A long-awaited auditor's report has found that health plans serving Minnesota's poor through state contracts collected nearly $207 million more than planned between 2002 and 2011.
The excess revenue allowed the plans to post a 2.4 percent profit on that care — twice the targeted amount set by the state of 1.2 percent.
The care for Minnesotans covered by taxpayer-funded Medical Assistance and MinnesotaCare for those years gave the health plans an operating profit of $430.5 million on revenue of $18.2 billion. That profit total was $206.9 million greater than expected.
The auditors described it as "concerning" to see such a consistent pattern in which profits outpaced the plans' targeted amounts in all but two years of the period examined. In those two years, the plans lost money.

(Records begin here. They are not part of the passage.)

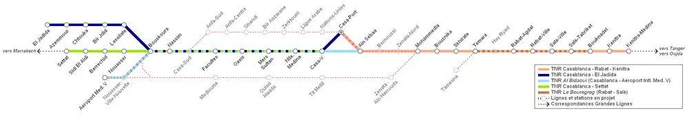 En 2016, l'ONCF a transféré le terminus des TNR vers Settat à la gare de Casa-Port au lieu de celle de Casa-Voyageurs[4].
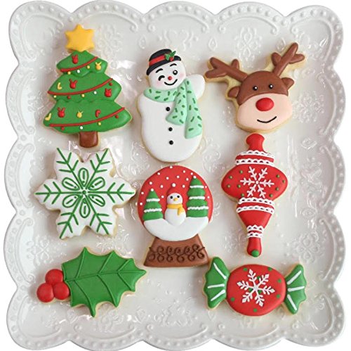CHRISTMAS COOKIE CUTTER SET - This set includes Christmas themed shapes. Santa, Rudolph, Snow Globe, Snowflake, Stocking, Ornament, and Santa's Sleigh. Perfect for family baking nights and your Holiday cookie swap.
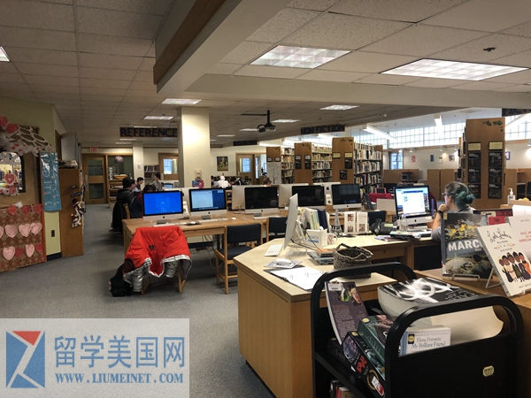 (Bancroft School图书馆藏书非常丰富,书架设计非常科学,保证每一个学生都能够拿到最上层的图书。先进的苹果电脑,便于每一位学生查阅资料)
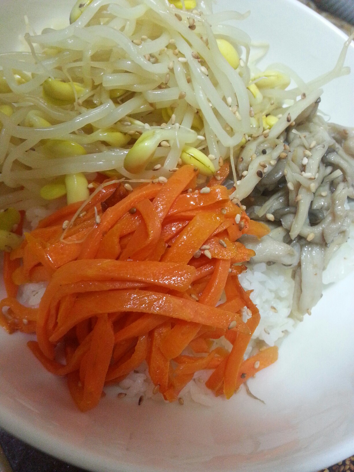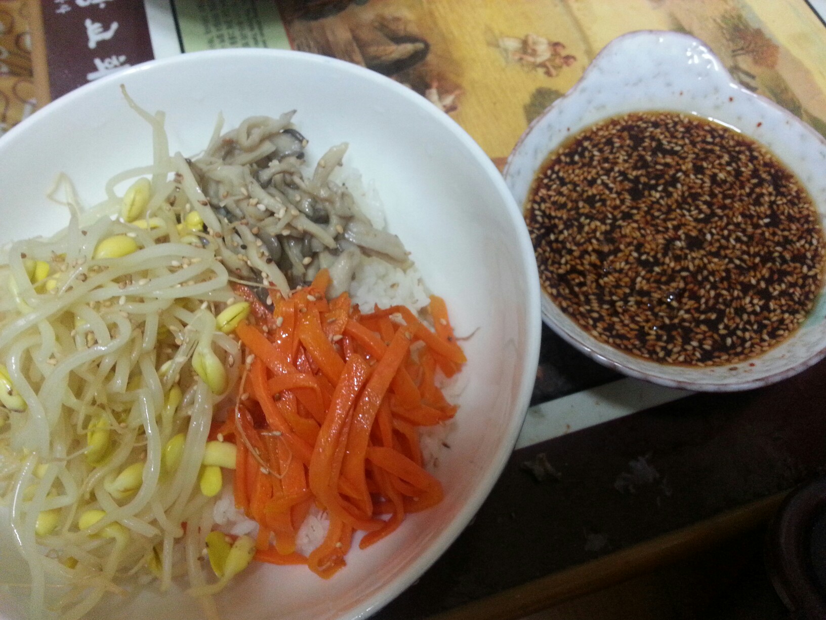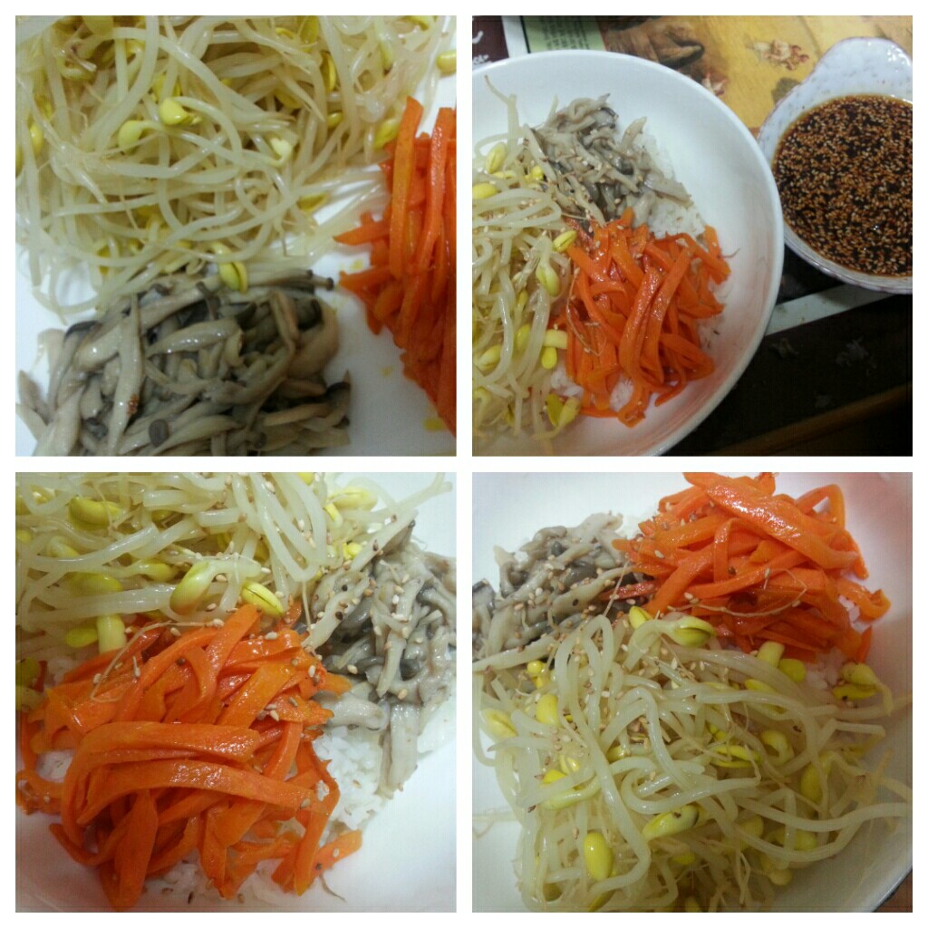 맛난 비빔밥을두고 투정~ 숟가락으로 머리 때려여 ㅎㅎ

Over time, the auditors concluded, the results "should have called into question the data and/or methods being utilized."
The 113-page report by the Segal Group, released by state officials Thursday, was ordered by the Minnesota Department of Human Services in July to address persistent concerns that the rate-setting process between the state and the nonprofit health plans has been convoluted and potentially fraudulent.
While the report says premium rates set with the health plans were "actuarially sound" — a legal requirement that means insurers have collected enough premiums to offset the cost of paying doctors and other providers for care — it also highlighted problems with a process that relies on self-reporting by the health plans.
The Segal Group said the state should have been collecting its own financial information to set rates, not relying on the plans' self-reported summaries.